> _Dataset extract_:
•••••

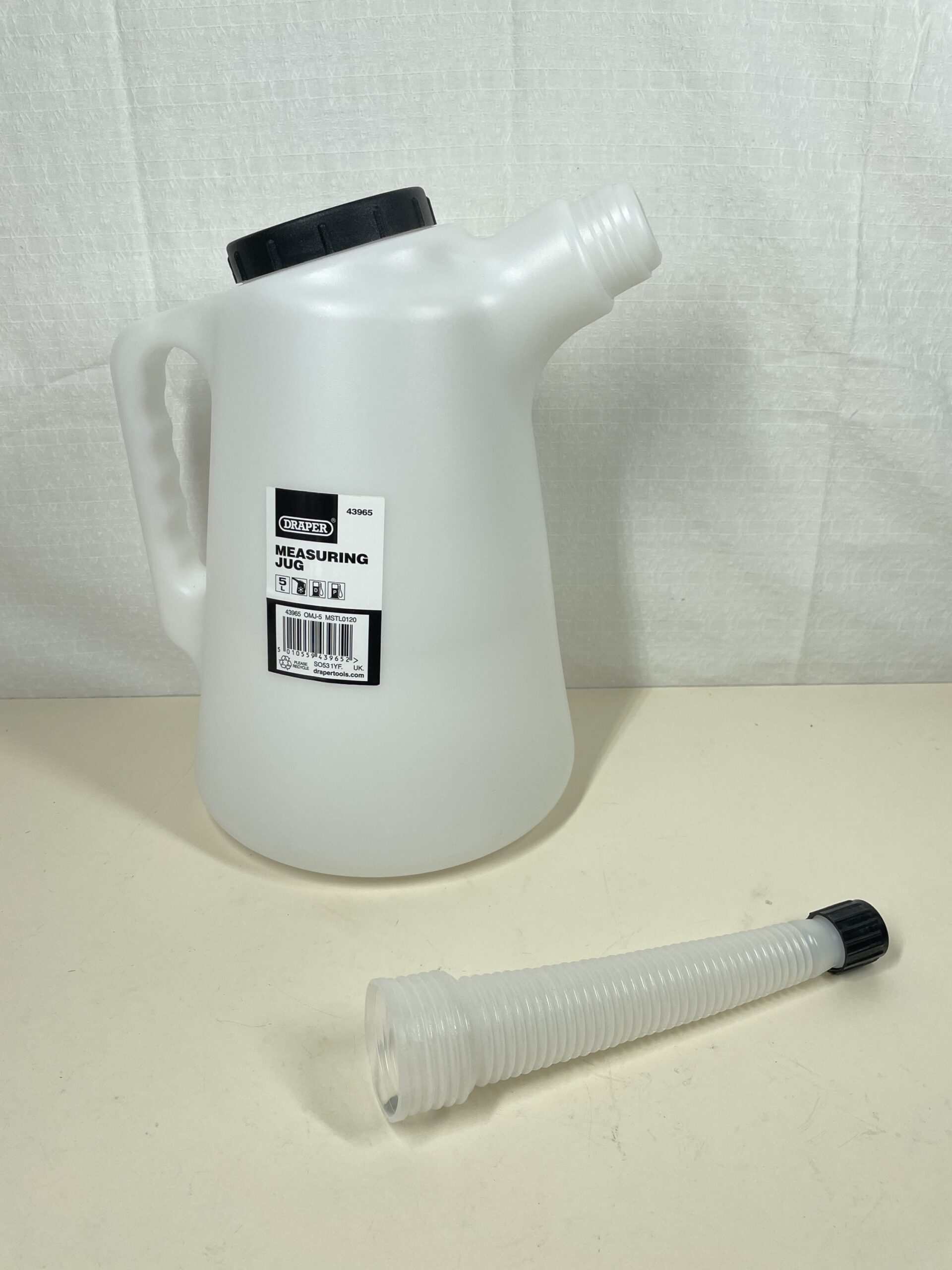 - Features: Metric and US imperial graduations on jug body Manufactured from high-density polyethylene, which is resistant to diesel/petrol, oils and most acids Fitted with a flexible spout and carrying handle and attached with a screw top lid Inscribed with metric and imperial graduations on the jug body All in all, an extremely practical measuring jug for a host of tasks performed by mechanics and vehicle technicians in workshops and garages
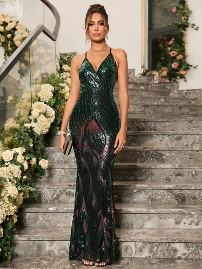 Crisscross Backless Sequin Cami Dress
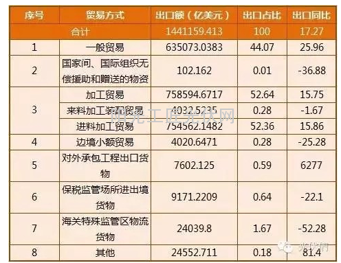 2014年1—12月份光伏电池组件出口贸易方式

•••••

> _What this task involves_: Restate all of the material word for word, leaving every picture out.

> _Task solution_:
 - Features: Metric and US imperial graduations on jug body Manufactured from high-density polyethylene, which is resistant to diesel/petrol, oils and most acids Fitted with a flexible spout and carrying handle and attached with a screw top lid Inscribed with metric and imperial graduations on the jug body All in all, an extremely practical measuring jug for a host of tasks performed by mechanics and vehicle technicians in workshops and garages
 Crisscross Backless Sequin Cami Dress
 2014年1—12月份光伏电池组件出口贸易方式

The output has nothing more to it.